In the wilderness of Washington state’s Olympic National Park, hydraulic hammers chip away at the Glines Canyon Dam in the largest dam-removal project in U.S. history.
The grinding knocks off chunks of concrete, slowly removing the once-imposing 210-foot-tall (64-metre) structure, whose construction in 1927 on the Elwha River blocked one of the world’s most prolific salmon runs.
Nine miles downstream, workers last month removed the 108-foot-tall (33-metre) Elwha Dam, built in 1913, allowing the river channel there to flow freely for the first time in nearly a century.

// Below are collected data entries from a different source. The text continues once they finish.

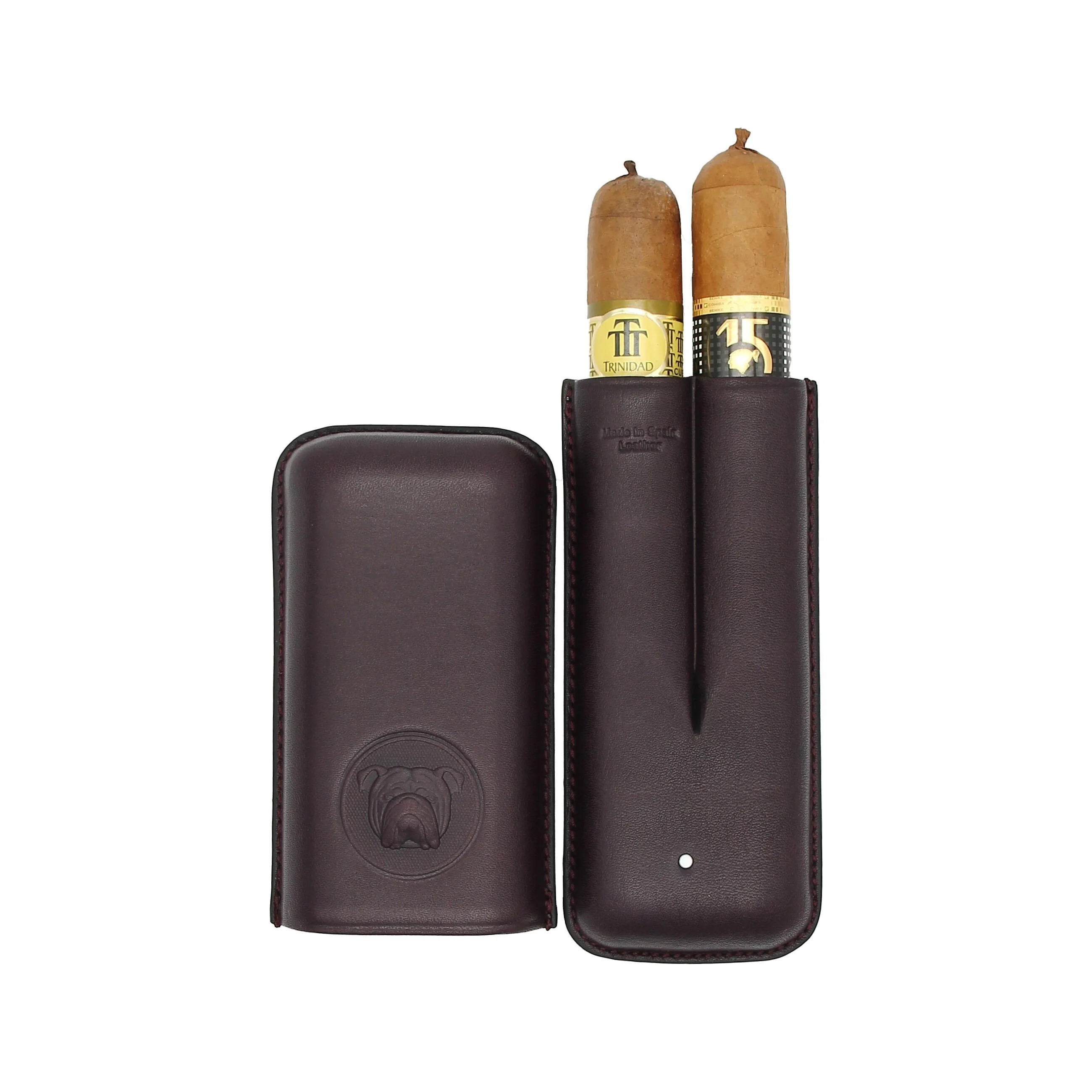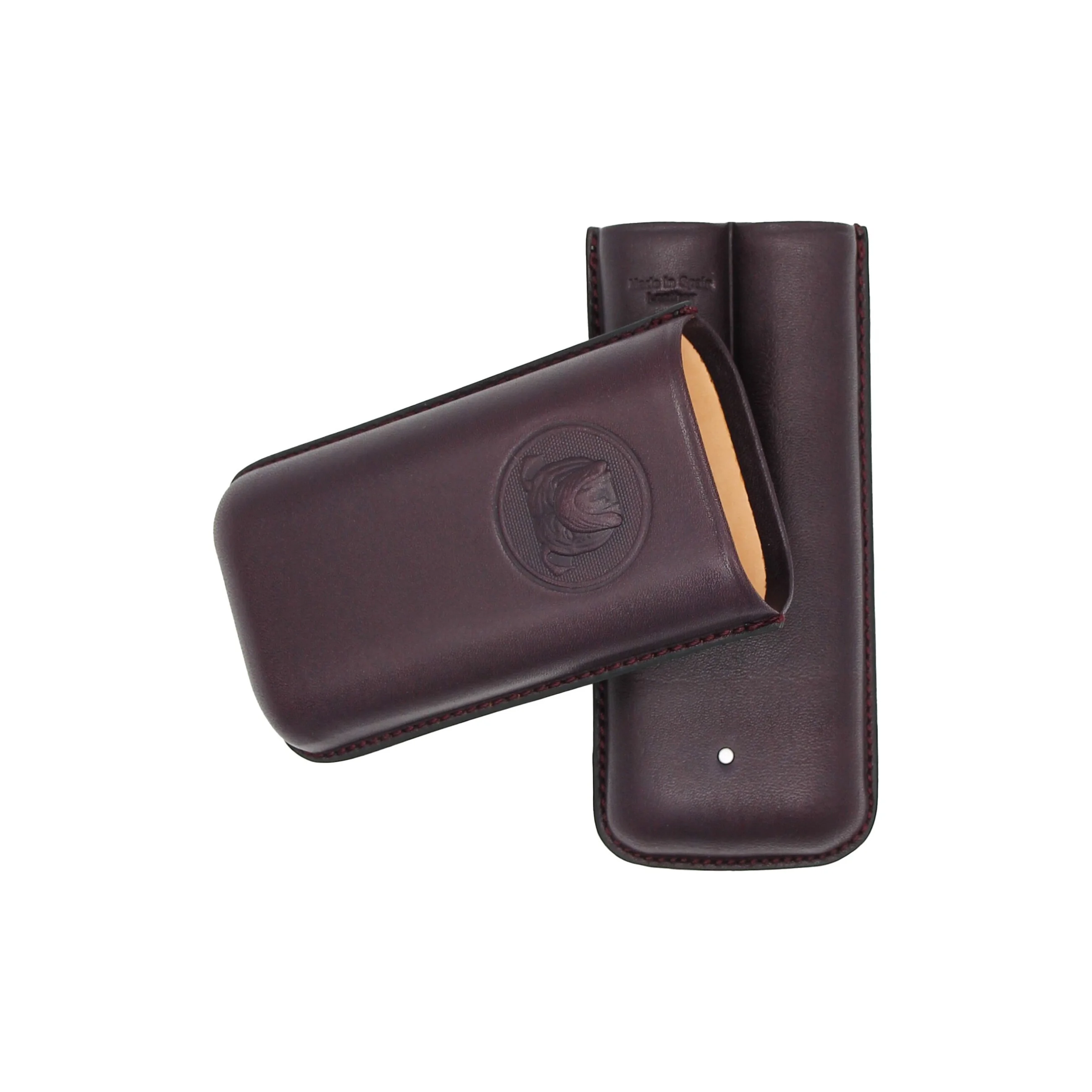 Inside, the case offers space for two cigars of different sizes. Practical notches ensure a secure hold during transport. The interior is lined with soft, light-colored leather, providing reliable protection for your cigars.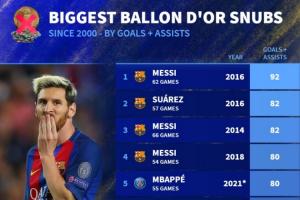 體育資訊09月24日訊 德國(guó)轉(zhuǎn)會(huì)市場(chǎng)盤點(diǎn)了各年份金球獎(jiǎng)數(shù)據(jù),排出了對(duì)應(yīng)年份中無(wú)緣金球獎(jiǎng)的最高進(jìn)球+助攻數(shù)據(jù)。以下是詳細(xì)排名。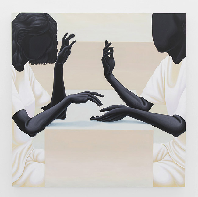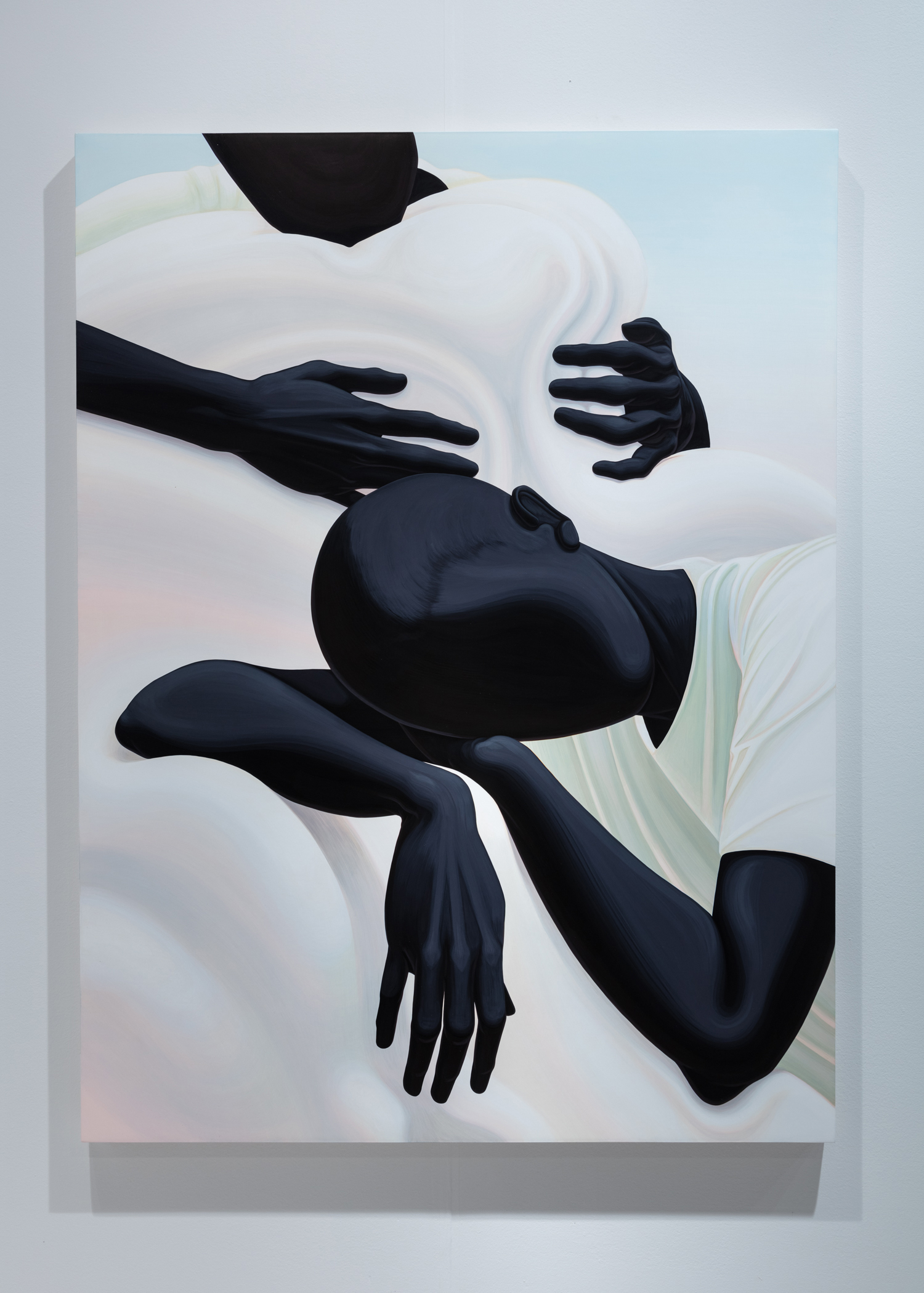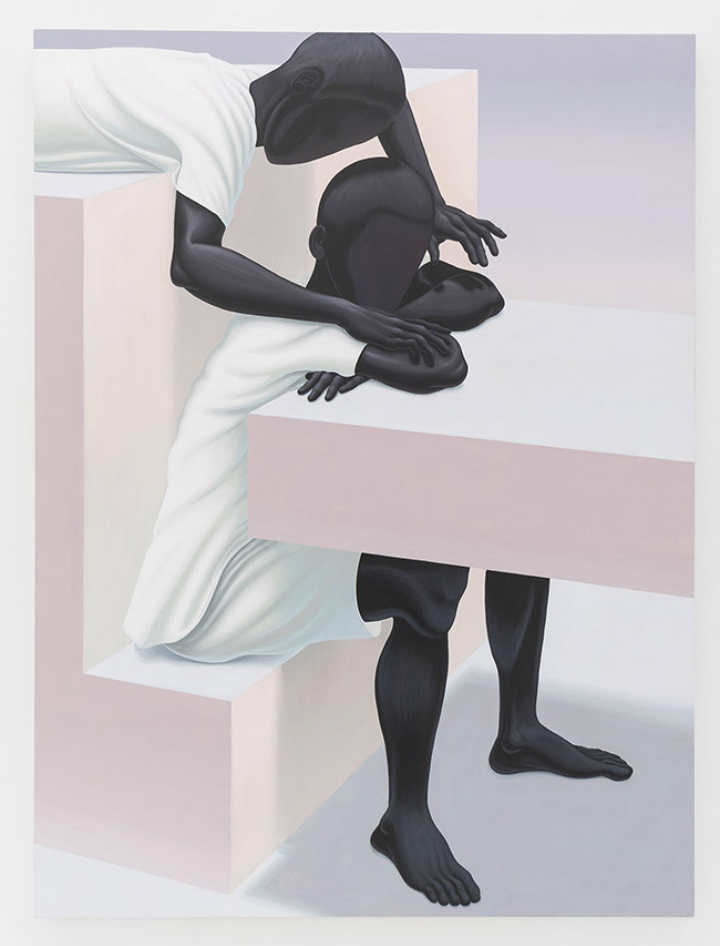 Alex Gardner is a figure painter working in acrylic to make intense and memorable scenes. His entangled ink-black bodies are draped with dramatically folding white cotton separates and posed in pastel environments where the reflections of color produce subtle gradients and thoughtful tonal shifts.

The two dams, about 80 miles northwest of Seattle, blocked migratory routes of salmon and steelhead trout to some 70 miles of tributary habitat, in the process robbing Native Americans of income by halting a treaty-guaranteed reservation fishery.

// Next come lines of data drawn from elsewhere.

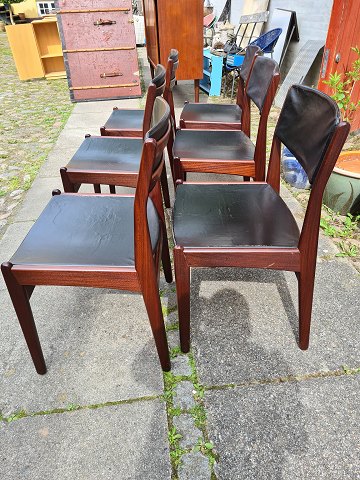 6 elegante spisebordsstole i teaktræ og sort læder. Fremstillet hos Frem Røjle møbelfabrik. Fremstår flotte og stabile med god patina.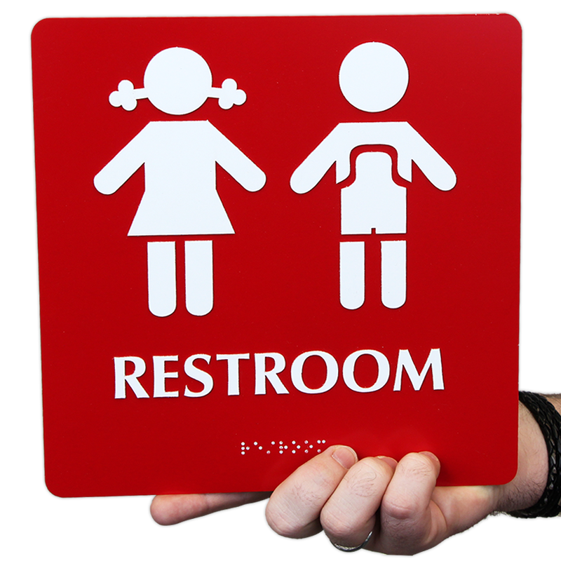 - Sign shows child-friendly symbols (adjacent boy and girl figures) and complies with ADA standards.
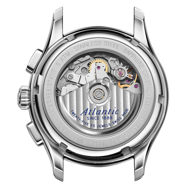 "Sercem" zegarka Atlantic 52852.41.55R jest mechanizm automatyczny ETA Valjoux 7750. Ten ceniony kaliber posiada 25 kamieni łożyskujących i rezerwę chodu wynoszącą około 48 godzin. Mechanizm ETA Valjoux 7750 dysponuje także komplikacją chronografu — w dużym uproszczeniu działa on jak stoper, pozwalając na precyzyjny pomiar czasu do pół godziny. Na tarczy zegarka widać subtarcze chronografu, pokazujące minuty, sekundy i dziesiąte części sekund. Dzięki chronografowi model Atlantic 52852.41.55R przypadnie do gustu w szczególności miłośnikom sportów, w których liczą się sekundy. Zegarek sprzedawany jest w komplecie z pudełkiem wyposażonym w rotomat, czyli urządzenie, które nakręca mechanizm, gdy zegarek jest odłożony od pudełka.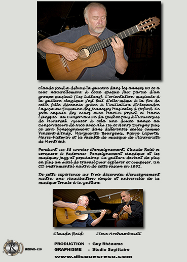 Claude Reid a débuté la guitare dans les années 60 et a tout naturellement à cette époque fait partie d’un groupe musical (Les Sultans). L’orientation musicale à la guitare classique s’est fait d’elle-même à la fin de cette folle décennie grâce à l’initiation d’Alexandre Lagoya au Domaine des Jeunesses Musicales à Orford. Ce sera ensuite des cours avec Martin Prével et Marie Lévesque au Conservatoire du Québec puis à l’Université de Montréal. Ajouter à cela une douce année au Conservatoire de Nice avec Ako Ito et Henry Dorigny puis ce sera l’enseignement dans différentes écoles comme Vincent-d’Indy, Marguerite Bourgeois, Pierre Laporte, Marie-Victorin et la faculté de musique de l’Université de Montréal.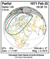 | 1971 Feb 25 | 09:38:07 | Partial | 149 | 0.787 | - | Europe, nw Africa, w Asia |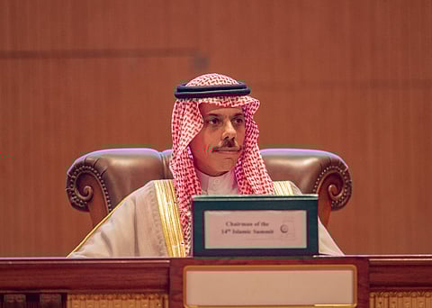 وأضاف: «إن المملكة تؤمن بأهمية ما يجمعنا من روابط الدين والجوار، وتبسط يدها دوما للحوار وحل الخلافات بالطرق السلمية. ومن هذا المنطلق، أجرت لأكثر من عامين عدة جولات للحوار مع الأشقاء في إيران في كل من بغداد ومسقط ثم مؤخرًا في بكين. وقد تكللت هذه المباحثات بالاتفاق على إعادة العلاقات الدبلوماسية بين البلدين على أساس احترام مبادئ ومقاصد ميثاق الأمم المتحدة ومنظمة التعاون الإسلامي، وفي طليعتها احترام سيادة الدول وعدم التدخل في شؤونها الداخلية، وحسن الجوار وحل الخلافات بالحوار». متطلعاً إلى أن يعزز هذا الاتفاق من أمن واستقرار منطقة الخليج العربي، ويدعم مسيرة العمل الإسلامي المشترك.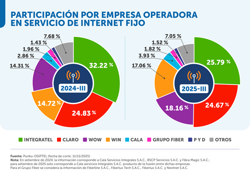 Por su parte, Integratel registró un comportamiento contrario porque perdió entre setiembre de 2024 y setiembre de 2025, 167 551 conexiones de internet fijo.

The river teemed with thrashing pink salmon before the Elwha Dam was built to generate electricity for the nearby mill town of Port Angeles, with a current population of around 19,000, and later, to a naval shipyard in Bremerton, about 80 miles away.
The Elwha Dam’s removal, completed in late March, was hailed by Governor Christine Gregoire as a significant environmental milestone that “shows what happens, when against many odds, a river is restored to its natural beauty.”
Supporters of the dam’s destruction say the benefits to the environment of tearing it down outweigh the loss of its aging power-generating station.